From the films of Larry Clark to the feminist comedy of Amy Schumer to the fall of Louis C. K., comedic, graphic, and violent moments of abjection have permeated twentieth- and twenty-first-century social and political discourse.
The contributors to Abjection Incorporated: Mediating the Politics of Pleasure and Violence (Duke University Press, 2020) move beyond simple critiques of abjection as a punitive form of social death, illustrating how it has become a contested mode of political and cultural capital—empowering for some but oppressive for others.

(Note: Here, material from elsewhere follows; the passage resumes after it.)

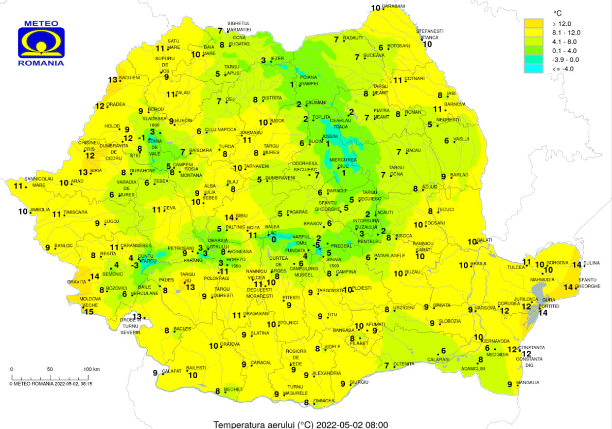 2 mai 2022, temperaturile maxime se încadrează între 23 și 14 grade, pe când minimele se încadrează între 11 și 1 grad.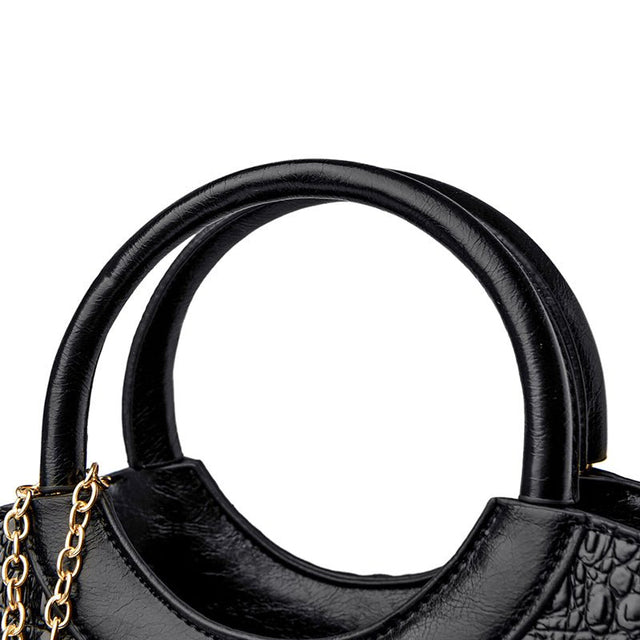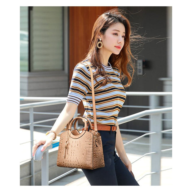 The Diamoré Goldara Zip Tote is crafted from durable PU material and features a secure zipper closure. Its dimensions are approximately 11.4 x 5.1 x 9.8 inches, offering ample space for daily essentials.

Escaping abjection's usual confines of psychoanalysis and aesthetic modernism, core to theories of abjection by thinkers such as Kristeva and Bataille, the contributors examine a range of media, including literature, photography, film, television, talking dolls, comics, and manga.
Whether analyzing how comedic abjection can help mobilize feminist politics or how expressions of abjection inflect class, race, and gender hierarchies, the contributors demonstrate the importance of competing uses of abjection to contemporary society and politics. They emphasize abjection's role in circumscribing the boundaries of the human and how the threats abjection poses to the self and other, far from simply negative, open up possibilities for radically new politics.
Maggie Hennefeld is Assistant Professor of Cultural Studies and Comparative Literature at the University of Minnesota, Twin Cities. Her Twitter handle is @magshenny.
Nicholas Sammond is Associate Professor of Cinema Studies at the University of Toronto.